11. Covenants of Lessee. Lessee agrees that its obligations under this Lease and
any Schedule hereto, including without limitation, the obligation to pay rental,
are irrevocable and absolute, shall not xxxxx for any reason whatsoever
(including any claims against Lessor), and shall continue in full force and
effect regardless of any inability of Lessee to use the Equipment or any part
thereof for any reason whatsoever including without limitation, war, act of God,
storms, governmental regulations, strike or other labor troubles, loss, damage,
destruction, disrepair, obsolescence, failure of or delay in delivery of the
Equipment, or failure of the Equipment to properly operate for any cause.

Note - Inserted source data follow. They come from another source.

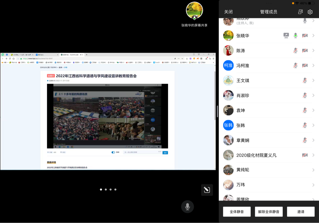 2022年11月29日,为认真贯彻落实习近平总书记关于学风建设和科研诚信建设工作以及研究生教育工作指示精神,引导广大师生和科技工作者弘扬科学家精神,beat365官网研究生支部和研究生分会共同组织研究生在线上观看“2022年江西省科学道德和学风建设宣讲教育报告会”。此次活动由学术部2022级研究生熊欣婷主持,研究生支部张晓华老师及十余名研究生认真观看并进行探讨。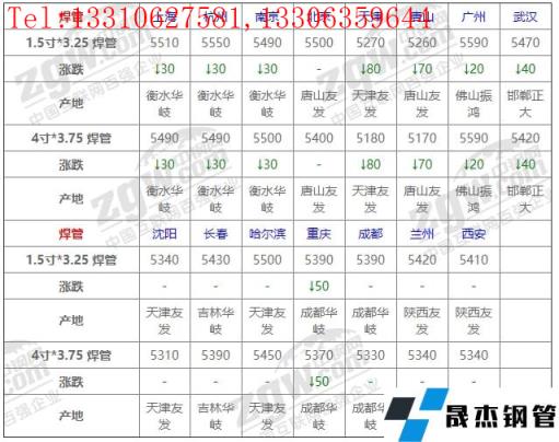 全國(guó)15個(gè)主要市場(chǎng)1.5寸*3.25 焊管平均價(jià)格5435元/噸,較上個(gè)交易日下調(diào)23元/噸。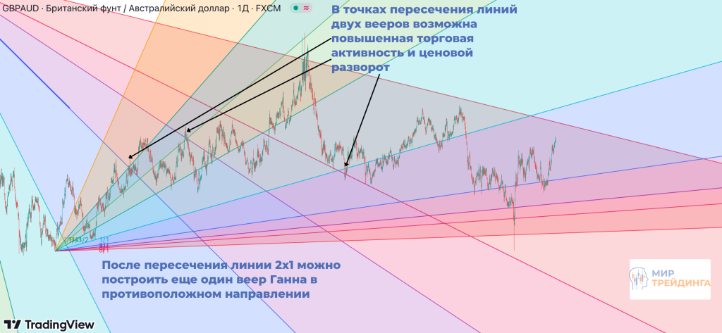 Также, в случае пересечения ценой 2x1 допускается построение дополнительного веера Ганна. Точки пересечения линий двух вееров могут быть местами разворота ценового движения. Также возле них может наблюдаться повышенная торговая активность.
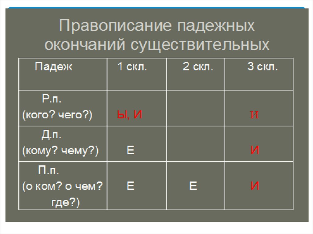 Правописание падежных окончаний именсуществительных зависит от склонения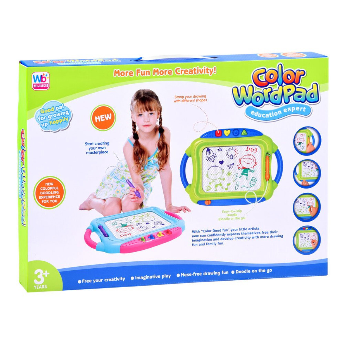 Tāfeles fons ir daudzkrāsains un mainās atkarībā no rakstīšanas vai krāsošanas vietas. Spiedogi arī palīdzēs krāsot. Ja bērnam zīmējums apnīk vai nepatīk, to var vienkārši nodzēst ar pārbīdāmo dzēšamo. Spēlēšanās ar dzēšamo tāfeli būs lieliska nodarbe garlaicīgiem vakariem. Uz tāfeles var zīmēt, rakstīt ar zīmuli vai izdrukāt rakstus ar spiedogiem. Spiedogi ģeometrisko figūru formā ļaus padarīt zīmējumus interesantākus. Radošums un izdomas bagātība ļaus veidot dažādas formas un tēlus.

In the
event of any alleged claim (including a claim which would otherwise be in the
nature of a set-off) against Lessor, Lessee shall fully perform and pay its
obligations hereunder (including all rents, without set-off or defense of any
kind) and its only exclusive recourse against Lessor shall be by a separate
action. Lessee, if requested, shall provide at Lessee's expense opinions of its
counsel acceptable to Lessor affirming the covenants, representations and
warranties of Lessee under this Lease and any Schedule hereto and any other
documents related hereto or incorporated herein. Lessee shall provide Lessor
with not less than thirty (30) days prior written notice of any material change
in Lessee's financial structure or ownership (e.g., merger, consolidation, sale,
lease or other disposition of assets not in the ordinary course).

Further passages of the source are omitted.